Yes, although so far it seems the main advantage of text diffusion models is tha...

kadushka · 2025-03-12T15:43:38 1741794218

I don’t know which text diffusion models you’re talking about, the latest and greatest is this one: https://arxiv.org/abs/2502.09992 and it’s extremely slow – couple of orders of magnitude slower than a regular LLM, mainly because it does not support KV caching, and requires many full sequence processing steps per token.

janalsncm · 2025-03-12T17:23:39 1741800219

I’m not familiar with that paper but it would probably be best to compare speeds with an unoptimized transformer decoder. The Vaswani paper came out 8 years ago so implementations will be pretty highly optimized at this point.

On the other hand if there was a theoretical reason why text diffusion models could never be faster than autoregressive transformers it would be notable.

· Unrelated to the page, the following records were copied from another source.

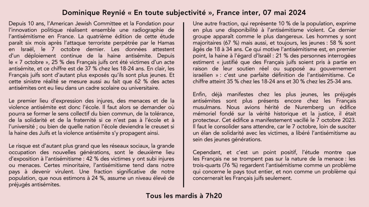 🎙️La chronique de @DominiqueReynie: "Il faut consolider l’édifice mémoriel fondé sur la vérité historique et la justice, car le 7 octobre, loin de susciter un élan de solidarité avec les victimes, a libéré l’antisémitisme" 👉https://t.co/QecuhlF5iY 🗓️Le mardi à 7h20 pic.twitter.com/Om7ZRKVUPn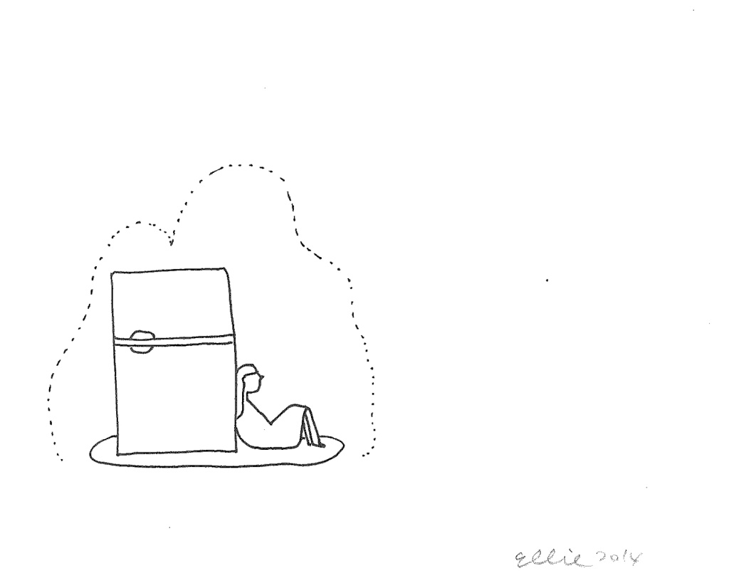 Ellie Omiya, Refrigerator and Woman, 2014, Ink on paper, 11.0 x 13.1 cm. Courtesy of the Artist and Tomio Koyama Gallery.
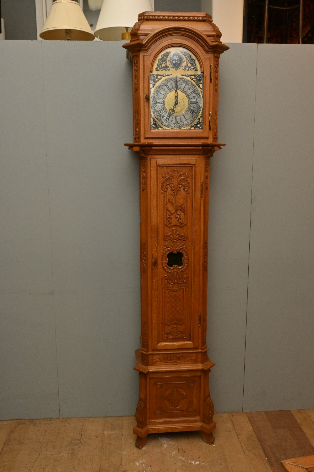 AFRENCH CARVED WALNUT GRANDFATHER CLOCK (A/F) (215H X 50W X 30D CM) (PLEASE NOTE THIS HEAVY ITEM MUST BE REMOVED BY CARRIERS AT THE CUSTOMER'S EXPENSE. LEONARD JOEL STAFF CANNOT ASSIST CARRYING THIS ITEM) (X-LARGE ITEM)
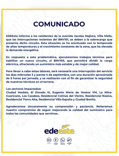 La Empresa Distribuidora de Electricidad del Este (EDEESTE) anunció la suspensión del servicio eléctrico en la Jacobo Majluta, entre el miércoles 3 y jueves 4 de septiembre en horario de 9:20 de la mañana a 5:20 de la tarde. Esto con el fin de reparar el circuito BNV-1.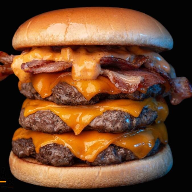 Três hambúrgueres de 100g no pão brioche, com cheddar derretido, bacon crocante, cebola caramelizada, picles crocantes e maionese da casa. Um verdadeiro banquete para os amantes de carne!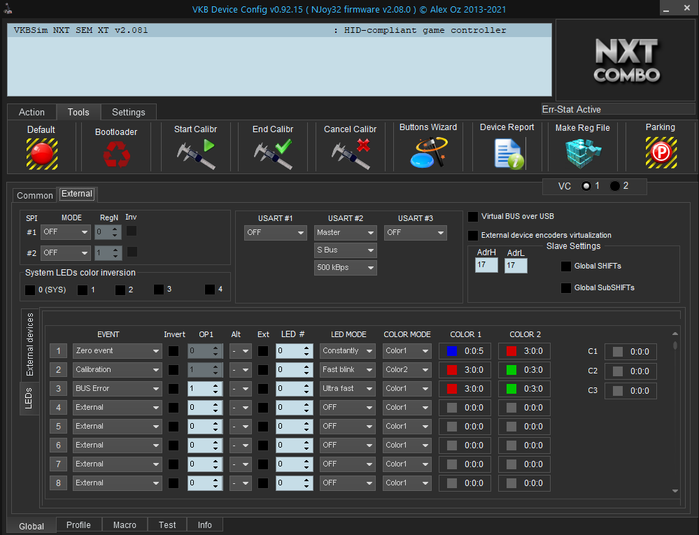 I just got my SEM (desktop) module with HID and I have a few questions about LEDs.

kadushka · 2025-03-12T22:56:25 1741820185

There’s not enough improvement over regular LLMs to motivate optimization effort. Recall that the original transformer was well received because it was fast and scalable compared to RNNs.

lukasb · 2025-03-12T06:39:11 1741761551

Yeah I guess progressive refinement is limited in quality by how good the first N iterations are that establish the broad outlines.

vessenes · 2025-03-12T07:40:25 1741765225

FWIW i don’t think we’ve seen nearly all the ideas for text diffusion yet — why not ‘jiggle the text around a bit’ when things have stabilized, or add space to fill, or have a separate judging module identify space that needs more tokens? Lots of super interesting possibilities.